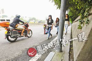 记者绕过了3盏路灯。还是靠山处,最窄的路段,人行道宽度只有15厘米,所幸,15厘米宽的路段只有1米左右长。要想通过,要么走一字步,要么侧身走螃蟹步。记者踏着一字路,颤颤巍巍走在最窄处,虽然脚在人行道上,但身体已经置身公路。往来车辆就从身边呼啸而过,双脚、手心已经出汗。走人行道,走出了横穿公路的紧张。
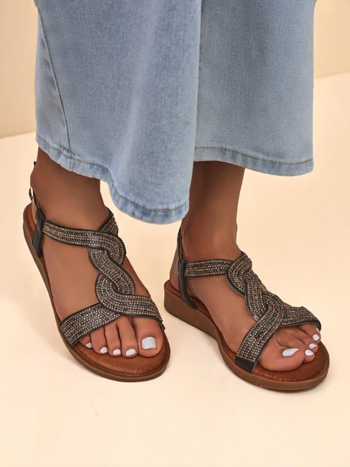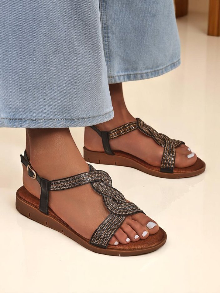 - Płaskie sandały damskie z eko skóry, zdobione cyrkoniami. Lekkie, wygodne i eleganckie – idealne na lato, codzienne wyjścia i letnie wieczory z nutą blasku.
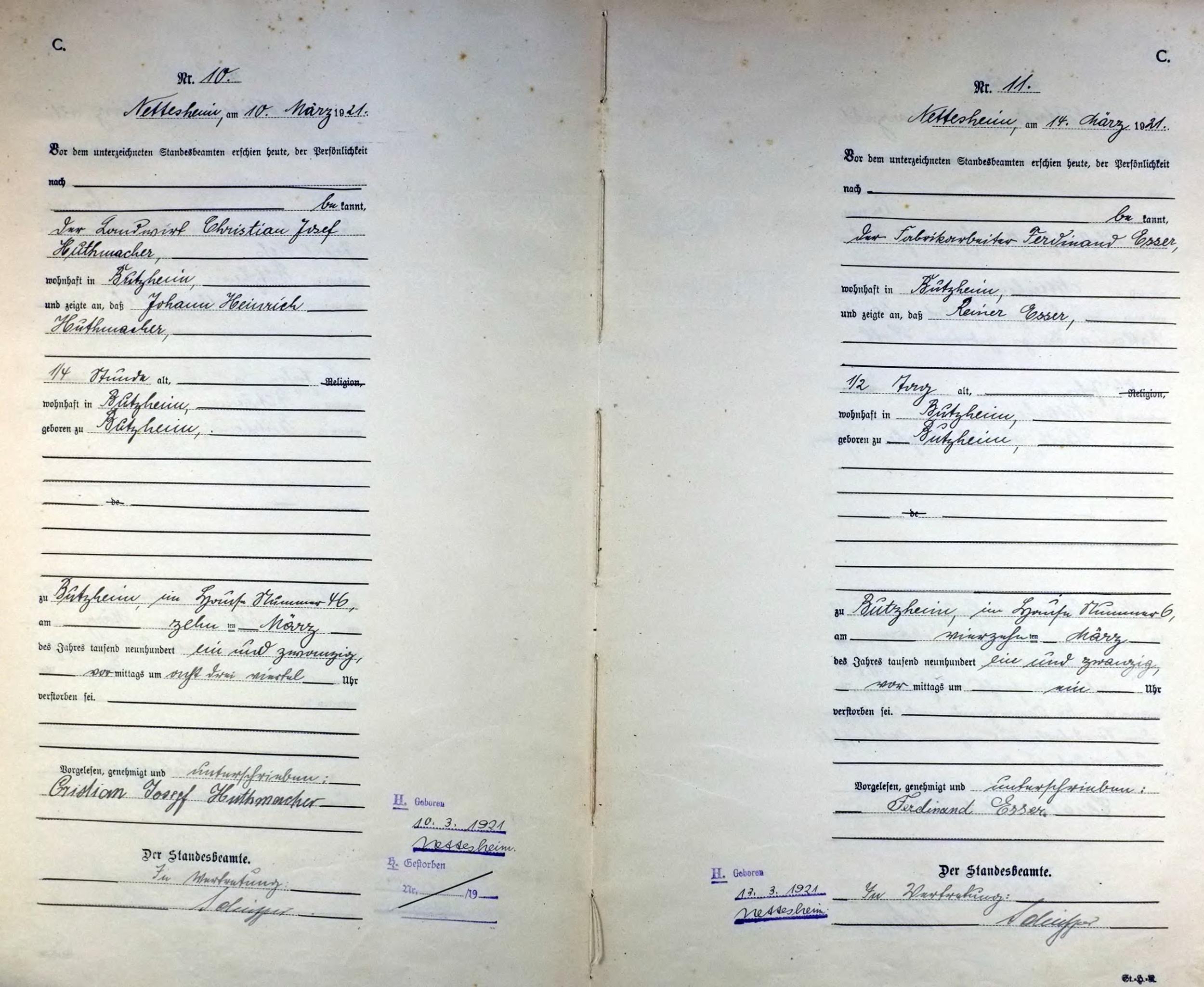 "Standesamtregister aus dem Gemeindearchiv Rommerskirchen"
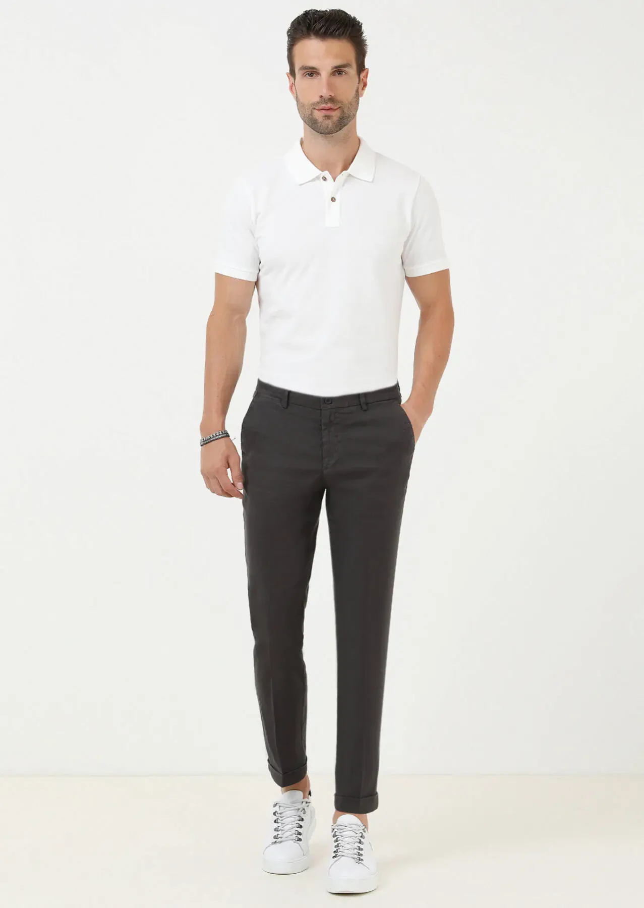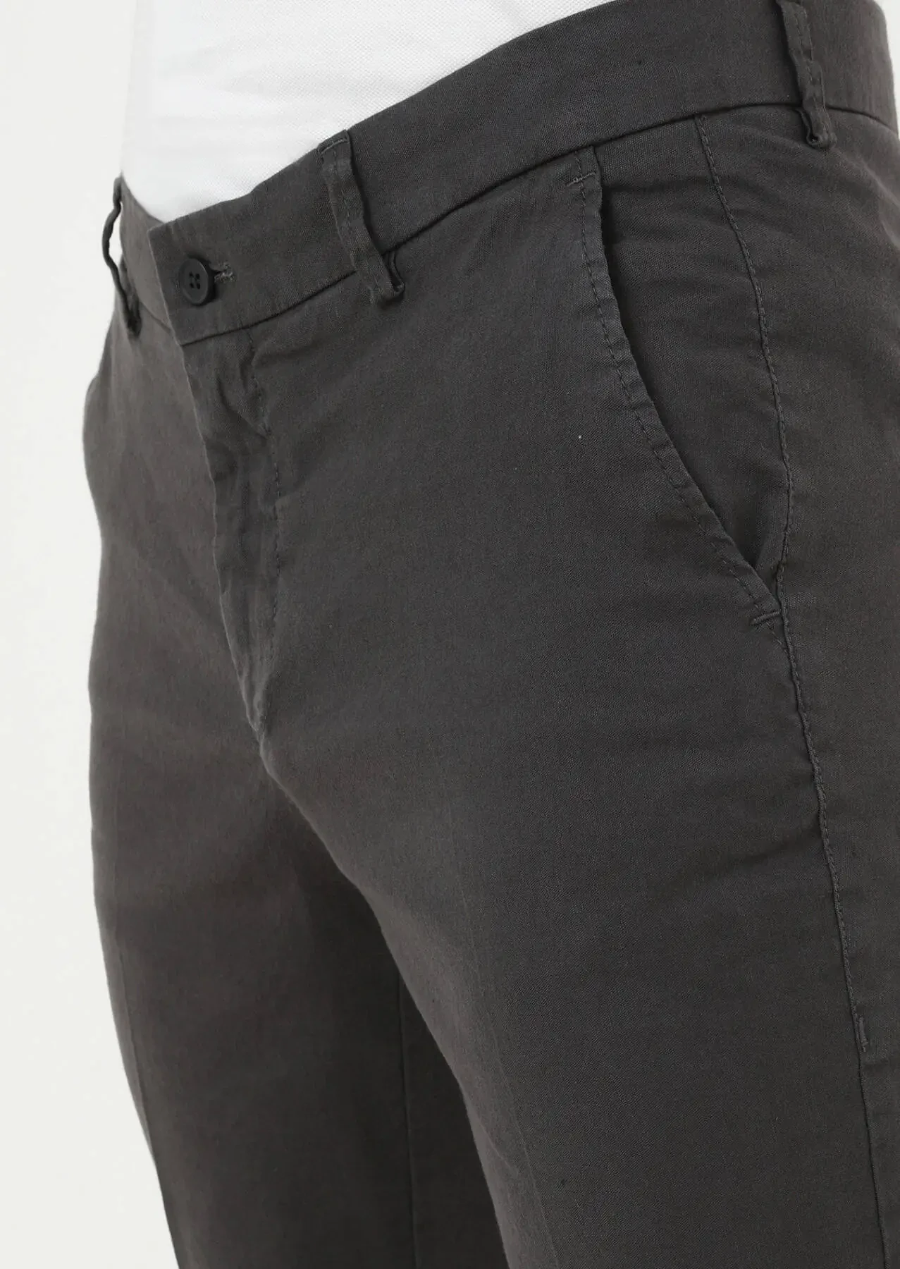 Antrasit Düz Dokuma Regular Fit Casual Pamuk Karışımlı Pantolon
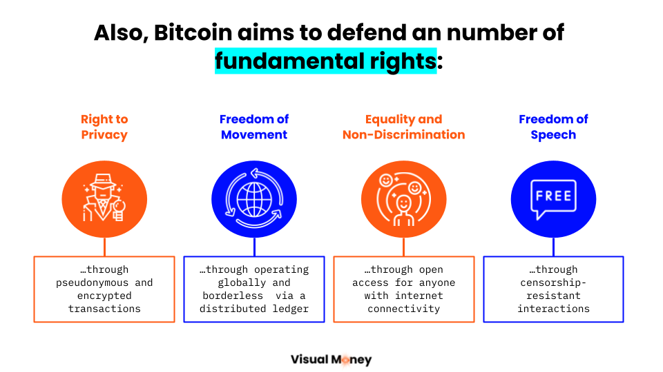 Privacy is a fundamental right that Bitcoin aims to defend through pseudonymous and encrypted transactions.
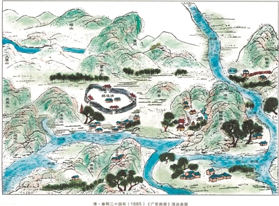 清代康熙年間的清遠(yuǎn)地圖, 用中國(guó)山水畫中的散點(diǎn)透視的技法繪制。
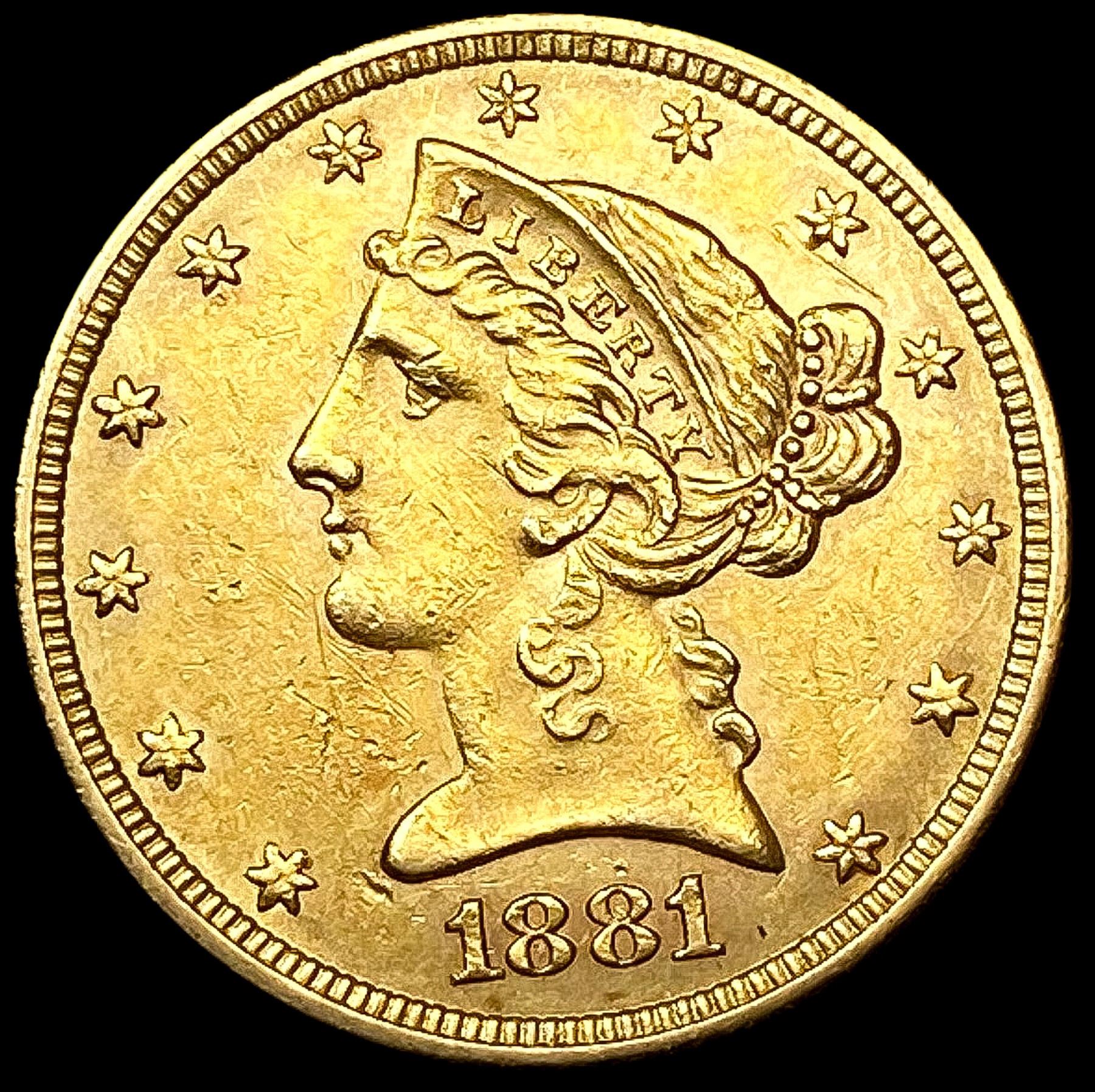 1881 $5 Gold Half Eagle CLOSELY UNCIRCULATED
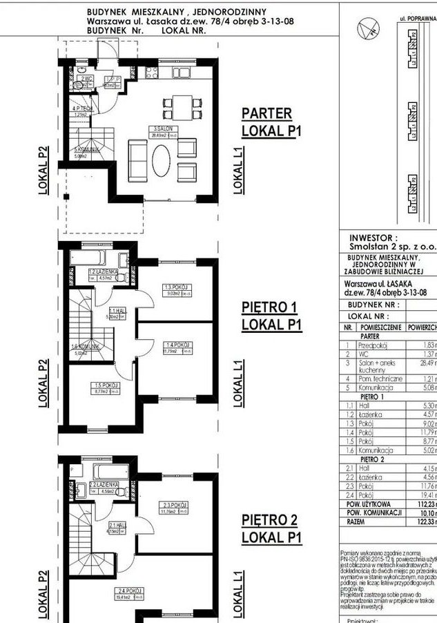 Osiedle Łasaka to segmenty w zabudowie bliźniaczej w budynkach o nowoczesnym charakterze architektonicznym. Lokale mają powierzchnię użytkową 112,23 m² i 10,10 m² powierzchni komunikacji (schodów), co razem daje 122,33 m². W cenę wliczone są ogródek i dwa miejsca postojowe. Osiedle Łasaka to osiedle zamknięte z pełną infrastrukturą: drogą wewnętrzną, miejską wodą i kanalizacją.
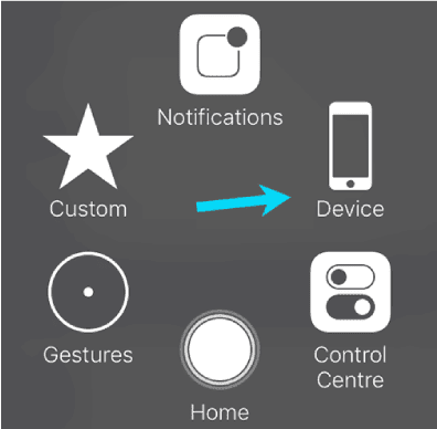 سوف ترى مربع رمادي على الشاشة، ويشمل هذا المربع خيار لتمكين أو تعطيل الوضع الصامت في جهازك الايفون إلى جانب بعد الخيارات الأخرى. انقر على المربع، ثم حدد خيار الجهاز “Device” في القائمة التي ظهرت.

:::::

▶ What the task asks: Give exactly the lines above that run from the line with "aus dem Gemeindearchiv" to the line with "Osiedle Łasaka to segmenty", both included, leaving every picture out.

▶ Task response:
 "Standesamtregister aus dem Gemeindearchiv Rommerskirchen"
 Antrasit Düz Dokuma Regular Fit Casual Pamuk Karışımlı Pantolon
 Privacy is a fundamental right that Bitcoin aims to defend through pseudonymous and encrypted transactions.
 清代康熙年間的清遠(yuǎn)地圖, 用中國(guó)山水畫中的散點(diǎn)透視的技法繪制。
 1881 $5 Gold Half Eagle CLOSELY UNCIRCULATED
 Osiedle Łasaka to segmenty w zabudowie bliźniaczej w budynkach o nowoczesnym charakterze architektonicznym. Lokale mają powierzchnię użytkową 112,23 m² i 10,10 m² powierzchni komunikacji (schodów), co razem daje 122,33 m². W cenę wliczone są ogródek i dwa miejsca postojowe. Osiedle Łasaka to osiedle zamknięte z pełną infrastrukturą: drogą wewnętrzną, miejską wodą i kanalizacją.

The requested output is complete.